Yoga

8 Best Yoga Poses for Better Posture

8 Best Yoga Poses for Better Posture

1. Introduction

The sedentary lifestyle these days has damaged our body posture. People spend hours working at their desktops and laptops without taking into account their sitting positions. Consequently, these prolonged bad postures lead to many health issues, e.g. nerve pain, back pain and even vertebral displacement in the worst cases.

However, all of these problems can be dealt with by including yoga in your daily routine. There are many yoga poses which strengthen muscles in the entire body and help prevent the negative effects of sitting all day.

This article will explain how yoga helps maintain good body posture, why body postures are important, and what are the best yoga poses you can perform to get a better body posture.

2. What is Yoga?

Yoga is a form of exercise that first originated in India with the aim to bring harmony between the mind, body, and environment.

Yoga involves moving your body into various positions to increase fitness and flexibility, relax your mind, and improve your breathing.

When the body becomes strong and flexible, posture improves automatically. That is why yoga has become a fantastic method to improve body posture.

3. How Does Yoga Help With Posture?

  • Various poses in yoga focus on strengthening different muscle groups. A strong core is the key to standing tall as it supports the entire body. The majority of sitting and standing positions in yoga help build up core strength that in turn can improve body posture.
  • Yoga also enhances mindfulness, helping your body to respond quickly when adjusting your posture in case of slumping or slouching.
  • Yoga poses require stretching muscles that increase muscle’s flexibility. It ultimately reduces stiffness and helps you to move better.

“According to a study, people have noticed about 35% improvement in their flexibility after doing only 8 weeks of yoga.”

4. Why Choose Yoga?

  • It is easy to perform and does not require any equipment. All you need is a yoga mat along with proper compression clothes to take a start.
  • It is simple yet effective, hence, the best form of workout to gain better body posture over time.

5. Why Do We Need Good Body Posture?

Body posture is a position in which your body is being naturally exerted upon by gravity. It can severely impact both your physical and mental health.

  • Bad body posture is the root cause of many health problems including:
    • Back Pain
    • Poor Circulation
    • Poor Digestion
    • Fatigue
    • Impaired Cardiovascular System
    • Bad Mood etc.

Moreover, it can also alter the original curved shape of your spine over time that can cause moderate to severe back pain.

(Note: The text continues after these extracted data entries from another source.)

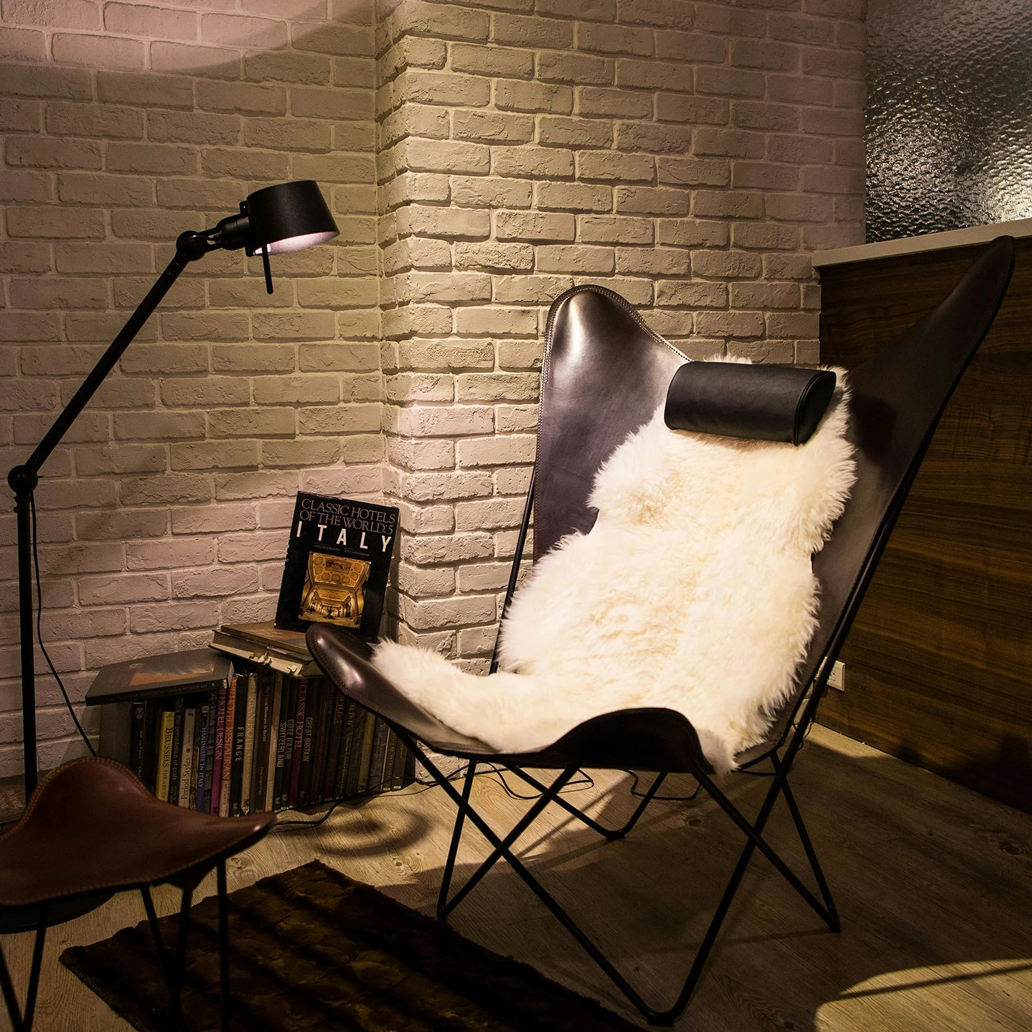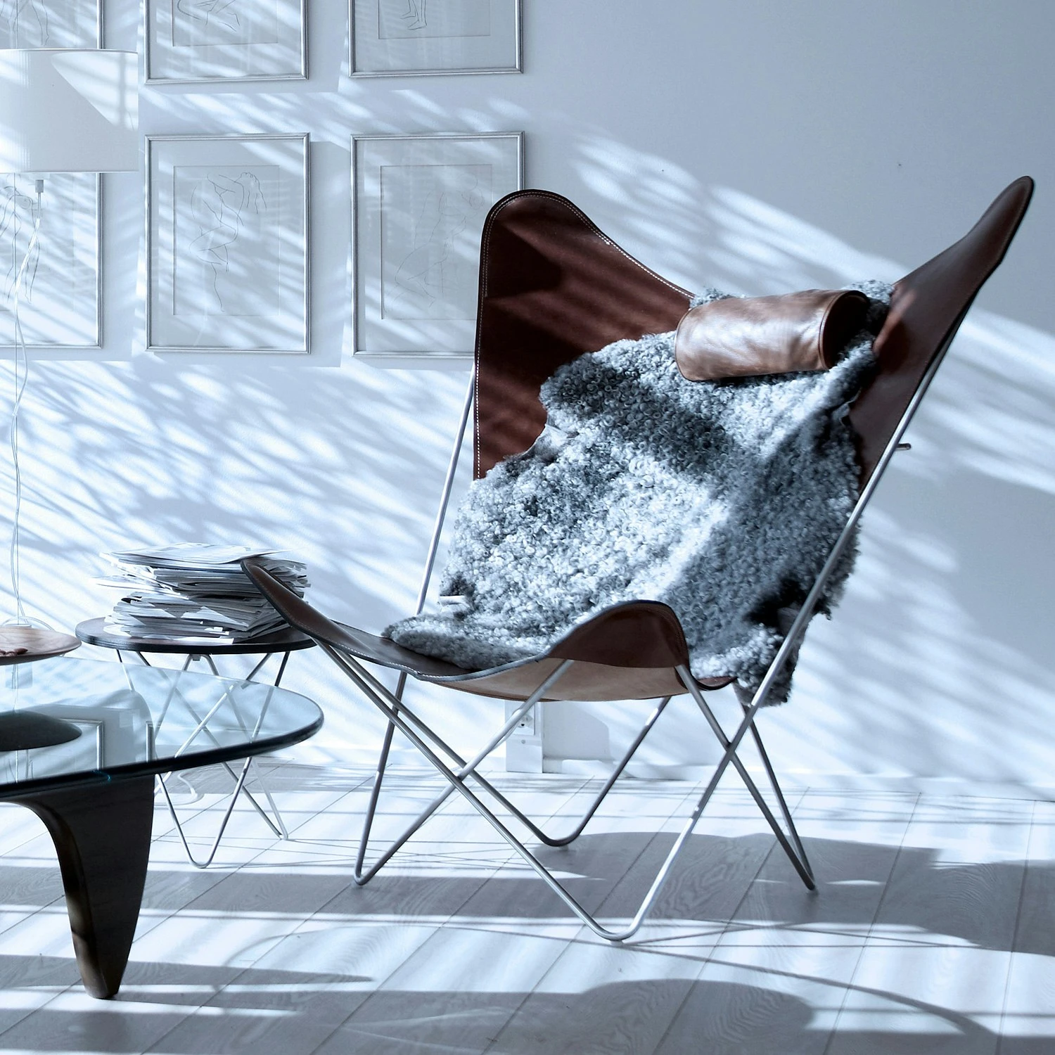 Ox Denmarq works mainly with leather from Spain and the leather surface is not modified. Spanish livestock usually spends most of its life outdoors in nature instead of indoors, which leaves traces such as insect bites and scars. These marks tell a story about the history and reflect a natural product. Each product, therefore, becomes unique and differences in colour and surface occur. Protective gliders must be fixed on the legs of the chair.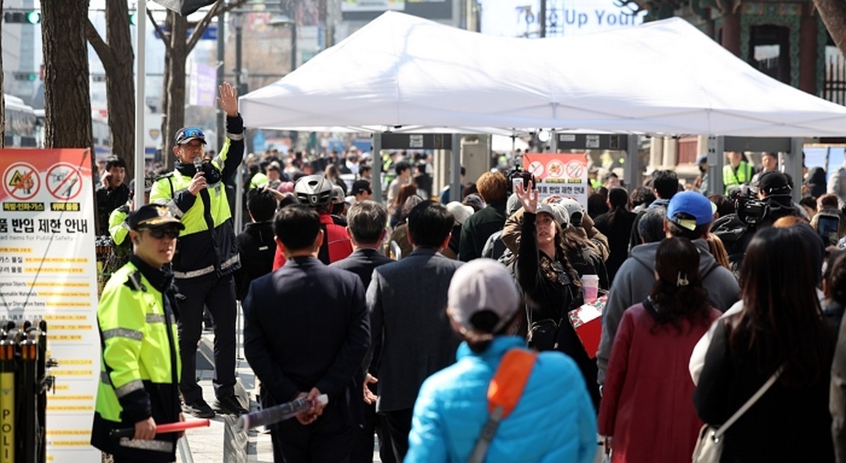 경찰은 게이트 안팎에서 보행 흐름이 한곳에 몰리지 않도록 통행을 유도하며 인파를 관리하고 있다. 다만 오후 들어 유동 인구가 빠르게 늘면서 일부 게이트 뒤로 긴 대기줄이 생겼고, 통행자들 사이에서는 불만도 터져 나왔다.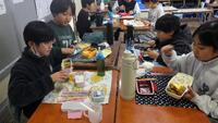 12月3日(水)はお弁当の日でした。子供たちは、「〇〇弁当をつくったよ」「早く食べたいな」ととても楽しそうでした。インフルエンザも収まってきたので、グループになって会食しながらお弁当を食べました。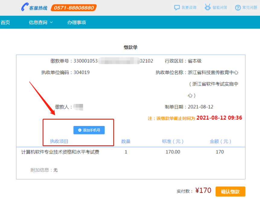 如果缴费时在缴款单界面添加过个人手机号码,缴费成功后公共支付平台也会将电子发票以短信形式发送给个人。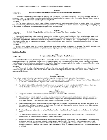 the reason of the forfeiture, the name of the student, etc. The National Office would like to see at least the name of the sport and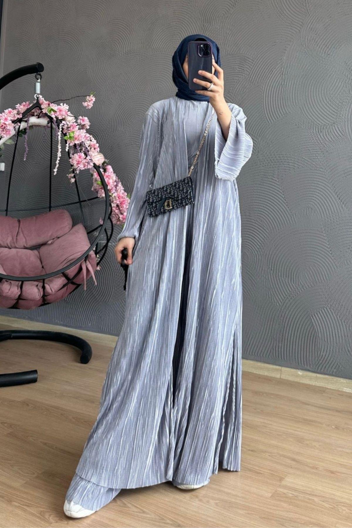 Üçlü Piliseli Takım Saks Üçlü Piliseli Takım Füme Üçlü Piliseli Takım Açık Gri Üçlü Piliseli Takım Siyah Üçlü Piliseli Takım Zümrüt Üçlü Piliseli Takım Fuşya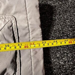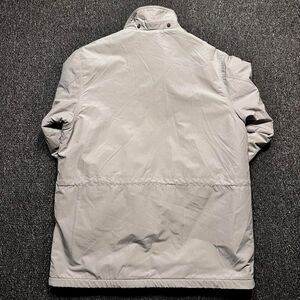 Condition: Good pre-owned condition. Light gray nylon shell with warm gray fleece lining. Minor signs of wear, no major flaws. Full zip and velcro closure with dual flap pockets. Classic vintage utility winter coat.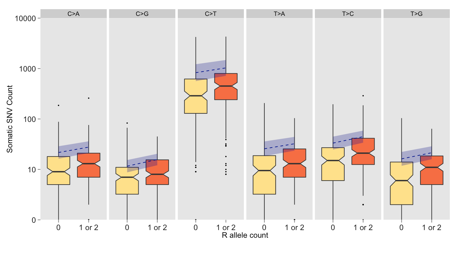 Distribution of single nucleotide variant (SNV) counts detected through exome sequencing of melanoma samples, grouped by the presence of R alleles of the MC1R locus shown as a boxplot with median, quartiles, whiskers and outliers.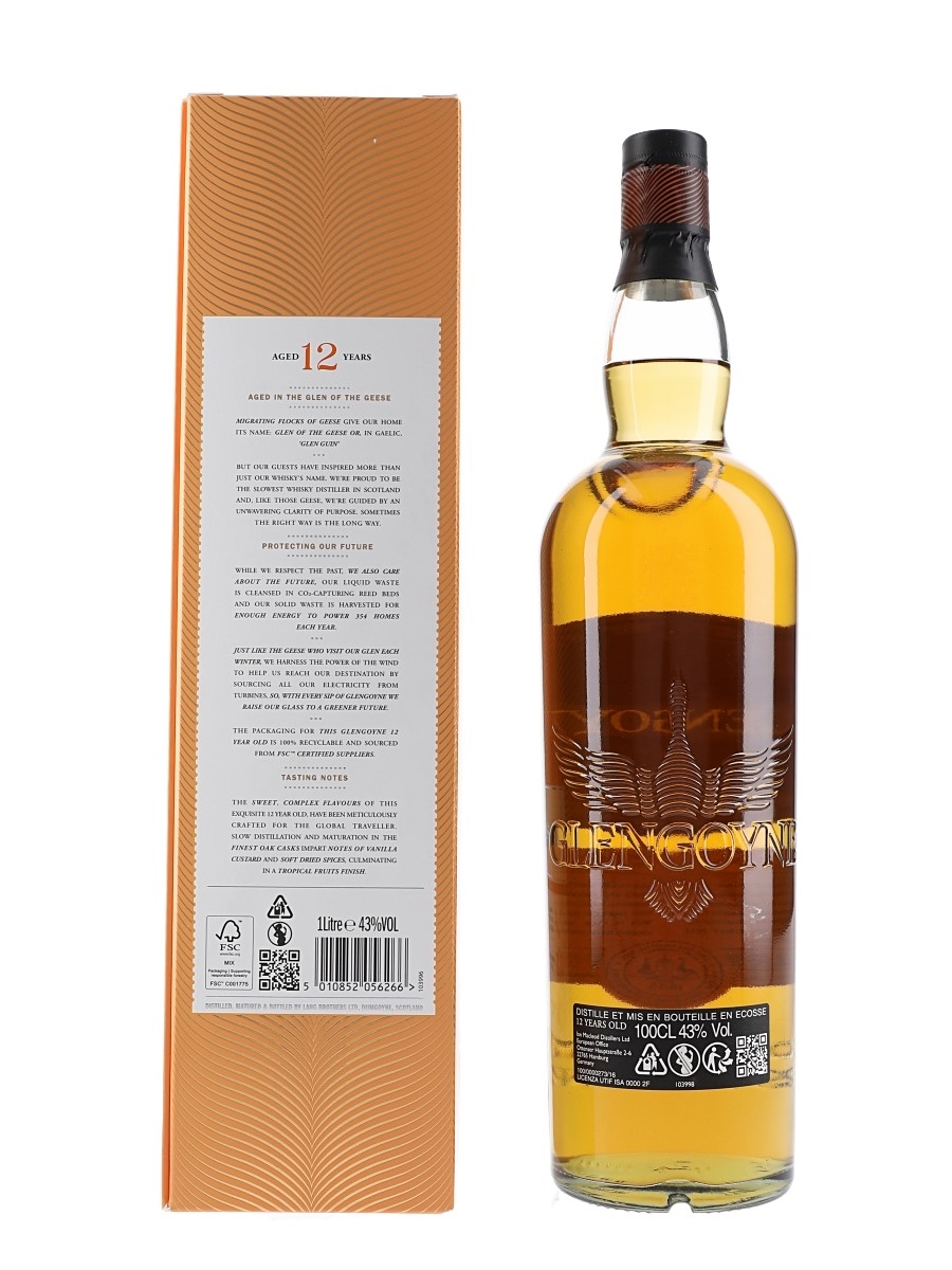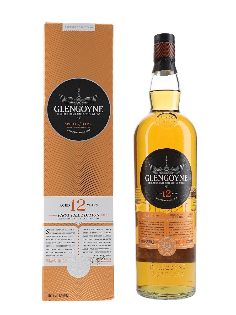 A litre bottle of Glengoyne 12 Year Old Spirit of Time Single Highland Malt Scotch Whisky. This is part of the First Fill Edition series, bottled exclusively for the Global Travel retail. The bottling code indicates this was bottled on 30 May 2025

  • Good posture is essential to ward off all these negative health problems. It positions your body in a way that puts a minimum amount of stress on the ligaments and muscles. It maintains the natural spinal curves, the joints & muscles stay in the correct alignment. Therefore, good body posture is mandatory to keep your body fit and healthy.

6. Categories of Yoga Poses

There are five categories of yoga poses based on the type of body muscles exerted. A good mix of these yoga poses can help you sustain a better body posture for life time.

6.1. Standing Poses


Also known as standing ASANAS, Standing poses are considered the building blocks of yoga practice. They help improve your body posture by correcting the body’s vertical alignment.

  • Benefits:
    • Helps with balance
    • Strengthens ankles, legs, and feet
    • Stretches the shoulders
  • e.g. Mountain Pose, Downward facing Dog, etc.

6.2. Seated Poses


Seated poses are good for exercising various parts of the body at once. Although they seem basic, they can efficiently strengthen the muscles in your core, back, abdomen, legs, and arms.

  • Benefits:
  • Easy core muscles workout
  • Balance body weight
  • Strengthen the back
  • Improve body posture
  • Improve range of motion
  • e.g. Cow Face Pose, Lotus Pose, etc.

6.3. Inverted Poses


These are probably the most difficult yoga poses as they require you to completely invert your body while maintaining balance. They improve your body posture by helping you to maintain balance when extending your arms.

For inverted poses, the heart is kept at a higher position than the head from the ground. In other words, your body is inverted from its original upright position by placing your head below your heart and hips. Inverted pose helps reduce the pressure between the spinal discs.

  • Benefits:
  • Improve balance
  • Strengthen muscles
  • Enhance circulation
  • Increase energy levels
  • e.g. Head Stand, Downward Dog, etc.

6.4. Arm Balances


These poses mainly focus on the arms and core. They are a bit challenging but very effective in maintaining arm balance and overall body posture.

  • Benefits:
  • Enhanced flexibility
  • Increased shoulders and core strength
  • Improved mental focus
  • Better body posture
  • e.g. Plan Pose, Side Plank etc.

6.5. Restorative


Also called meditative poses, these help to relax your body and mind. They are simple and effective as the body is not moving that much. Instead, you keep still and focus on putting your mind at ease.

  • Benefits:
  • Alleviate chronic pain
  • Relax body and mind
  • Improve sleep and mood
  • Reduce muscle tension
  • Help maintain better posture
  • e.g. Bridge Pose.

7. 8 Yoga Poses for Better Posture

8 Yoga Poses for Better Posture

7.1. Plank Pose


Plank Pose

 

The main target of plank pose is the core muscles. A strong core is crucial for developing good body posture.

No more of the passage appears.